Su un articolo di “Roma Venatoria” a firma di Corey Ford, cacciatore americano, si parla della caccia al tacchino selvatico degli U.S.A., magnificandone la difficoltà per la furberia  di questo selvatico: “Il tacchino ha l’udito acuto della pecora, l’olfatto dell’orso, la vista dell’aquila, la velocità dell’antilope e l’astuzia della pantera…”. Poi viene raccontato un episodio di caccia al tacchino descritto come difficilissimo, faticosissimo, estenuante, perché fatto all’aspetto all’alba…

Sarà, ma…

..Nel 1934 era mio Ministro alla Legazione d’Italia a Vienna S.E. Gabriele Preziosi, appassionato cacciatore. Spesso andavamo a caccia insieme nella nostra indimenticabile riserva di Zurndorf.

Un giorno mi disse: – Sai Venezia, ti faccio una bella sorpresa; ho il permesso per noi due per una cacciata al tacchino selvatico.-

– E come si fa ?- chiesi.

– Ce lo diranno sul posto. Portati cartucce da lepre.

Dopo colazione si partì in auto verso le ore 14 ed in circa 30 minuti eravamo in riserva, accolti con sobria deferenza e gentilezza dal capo-guardiacaccia. Un calesse a 4 posti a cui erano attaccati 2 cavalli era già pronto. Io ed il Ministro sedemmo sui sedili posteriori, a cassetta erano il cocchiere, il capo-guardia ed un bel kurzhaar. I cavalli si incamminarono di buon trotto per una strada che attraversava un bosco non molto fitto di alberi di alto fusto.

Dopo aver percorso qualche Km. scorgemmo avanti a noi un branchetto di 5 o 6 tacchini selvatici che in fila indiana correvano avanti al calesse ad una distanza di un centinaio di metri. Il guardia disse qualcosa all’orecchio del cocchiere, che fece accelerare al massimo la velocità della corsa dei cavalli. Cominciò una gara molto interessante e sul principio ebbi la sensazione che i tacchini dovessero avere la meglio sui cavalli, ma dopo una decina di minuti la distanza fra noi e gli uccelli incominciò a diminuire, riducendosi alla fine di una trentina di metri. Fu allora che il capoguardia  diede un comando energico al cane, il quale si lanciò da calesse verso i tacchini. Il bracco toccato il terreno fece un capitombolo, ma si rialzò e scagnando inseguì i selvatici. Quando mi sembrò che fosse sul punto di abboccarne uno, ed io e il Ministro Preziosi ci guardavamo con un sentimento di pietà, essi volarono di colpo per posarsi quasi sulla cima degli alberi, in un raggio di un centinaio di metri. Il Calesse si fermò ed il capoguardia ci invitò a scendere ed a sparare a nostro piacere. Le povere bestie non sembravano nè spaventate nè diffidenti, anzi dirò che ebbi l’impressione che ci guardassero con curiosità. E’ chiaro che il tiro si presentava molto facile.

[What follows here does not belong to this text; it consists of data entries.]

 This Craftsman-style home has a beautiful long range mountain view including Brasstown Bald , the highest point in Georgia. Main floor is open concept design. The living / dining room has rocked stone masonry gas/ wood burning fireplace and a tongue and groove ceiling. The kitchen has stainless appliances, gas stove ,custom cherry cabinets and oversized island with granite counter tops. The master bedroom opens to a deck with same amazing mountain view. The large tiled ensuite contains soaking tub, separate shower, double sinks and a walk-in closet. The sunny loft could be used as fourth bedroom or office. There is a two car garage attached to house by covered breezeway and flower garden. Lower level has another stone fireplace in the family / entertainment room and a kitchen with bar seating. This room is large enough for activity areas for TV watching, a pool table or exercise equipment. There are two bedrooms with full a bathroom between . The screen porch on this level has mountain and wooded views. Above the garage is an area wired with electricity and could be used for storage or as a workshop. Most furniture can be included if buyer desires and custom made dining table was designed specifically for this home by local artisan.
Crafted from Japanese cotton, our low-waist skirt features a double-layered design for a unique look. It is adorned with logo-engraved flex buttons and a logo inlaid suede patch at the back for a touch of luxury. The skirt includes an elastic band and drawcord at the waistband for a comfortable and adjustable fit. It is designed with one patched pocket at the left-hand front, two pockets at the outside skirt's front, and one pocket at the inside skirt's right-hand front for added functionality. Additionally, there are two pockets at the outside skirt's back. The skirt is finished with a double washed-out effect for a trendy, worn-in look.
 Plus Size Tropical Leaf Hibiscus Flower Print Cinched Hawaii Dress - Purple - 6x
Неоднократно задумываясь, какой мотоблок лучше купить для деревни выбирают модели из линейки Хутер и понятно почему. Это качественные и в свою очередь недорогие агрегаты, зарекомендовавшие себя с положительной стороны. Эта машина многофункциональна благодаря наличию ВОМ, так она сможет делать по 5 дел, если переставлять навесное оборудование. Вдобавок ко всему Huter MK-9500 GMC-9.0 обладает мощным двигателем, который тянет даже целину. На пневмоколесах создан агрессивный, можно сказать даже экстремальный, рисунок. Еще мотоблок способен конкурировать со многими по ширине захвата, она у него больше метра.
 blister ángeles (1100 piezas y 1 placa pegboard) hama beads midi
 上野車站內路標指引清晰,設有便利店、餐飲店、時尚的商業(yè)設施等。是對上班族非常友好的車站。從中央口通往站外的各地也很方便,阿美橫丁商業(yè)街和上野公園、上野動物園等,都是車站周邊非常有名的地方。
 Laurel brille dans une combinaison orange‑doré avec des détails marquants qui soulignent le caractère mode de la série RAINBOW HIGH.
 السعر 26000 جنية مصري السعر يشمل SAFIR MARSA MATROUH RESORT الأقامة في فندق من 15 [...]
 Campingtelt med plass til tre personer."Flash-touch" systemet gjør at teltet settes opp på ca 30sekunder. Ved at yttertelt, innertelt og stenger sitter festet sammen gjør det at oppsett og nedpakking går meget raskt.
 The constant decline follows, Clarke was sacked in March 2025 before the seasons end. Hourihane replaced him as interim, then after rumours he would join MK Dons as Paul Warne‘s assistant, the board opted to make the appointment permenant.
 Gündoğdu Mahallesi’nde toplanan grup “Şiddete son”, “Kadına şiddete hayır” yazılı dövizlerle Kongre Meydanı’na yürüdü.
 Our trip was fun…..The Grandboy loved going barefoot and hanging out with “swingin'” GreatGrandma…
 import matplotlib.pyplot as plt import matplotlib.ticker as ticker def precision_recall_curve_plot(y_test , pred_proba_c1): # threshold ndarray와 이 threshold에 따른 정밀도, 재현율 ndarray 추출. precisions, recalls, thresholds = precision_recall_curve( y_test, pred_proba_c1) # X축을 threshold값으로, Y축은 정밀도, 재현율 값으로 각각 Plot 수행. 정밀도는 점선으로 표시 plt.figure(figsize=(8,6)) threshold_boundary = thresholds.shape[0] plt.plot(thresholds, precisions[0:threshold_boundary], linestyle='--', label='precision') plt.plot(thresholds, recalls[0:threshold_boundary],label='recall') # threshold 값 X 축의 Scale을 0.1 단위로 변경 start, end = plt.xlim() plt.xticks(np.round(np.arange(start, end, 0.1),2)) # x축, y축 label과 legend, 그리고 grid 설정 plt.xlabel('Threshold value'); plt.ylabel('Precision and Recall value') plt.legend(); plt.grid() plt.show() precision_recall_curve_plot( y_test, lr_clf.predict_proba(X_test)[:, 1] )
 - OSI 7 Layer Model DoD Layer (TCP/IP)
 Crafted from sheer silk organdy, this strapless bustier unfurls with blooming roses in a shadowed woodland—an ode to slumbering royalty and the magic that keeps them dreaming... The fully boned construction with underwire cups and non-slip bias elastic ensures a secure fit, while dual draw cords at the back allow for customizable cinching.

Sparò per primo S.E. Preziosi  ed un maschio che poi risultò di 5 kg., venne giù come un sasso. Gli altri rimasero fermi a guardarci. Sparai io ed un altro tacchino rotolò al suolo. Il capo guardia invitò ancora il Ministro a sparare, ma egli con un lieve quasi impercettibile sorriso ironico, che io ben conoscevo, declinò l’invito.

L’automobile ci riportava velocemente verso Vienna con due tacchini nel bagagliaio..Nessuno di noi due per un pezzo parlò, poi S.E. ruppe il silenzio ed in buon napoletano avellinese proferì:

– Né Venè, ti sei ammosciato ? Hai ragione, nun è stata na soddisfazione. Chesta ca’ nun ‘è caccia, ma comme se dice a Napule, “mozzarella e ova”.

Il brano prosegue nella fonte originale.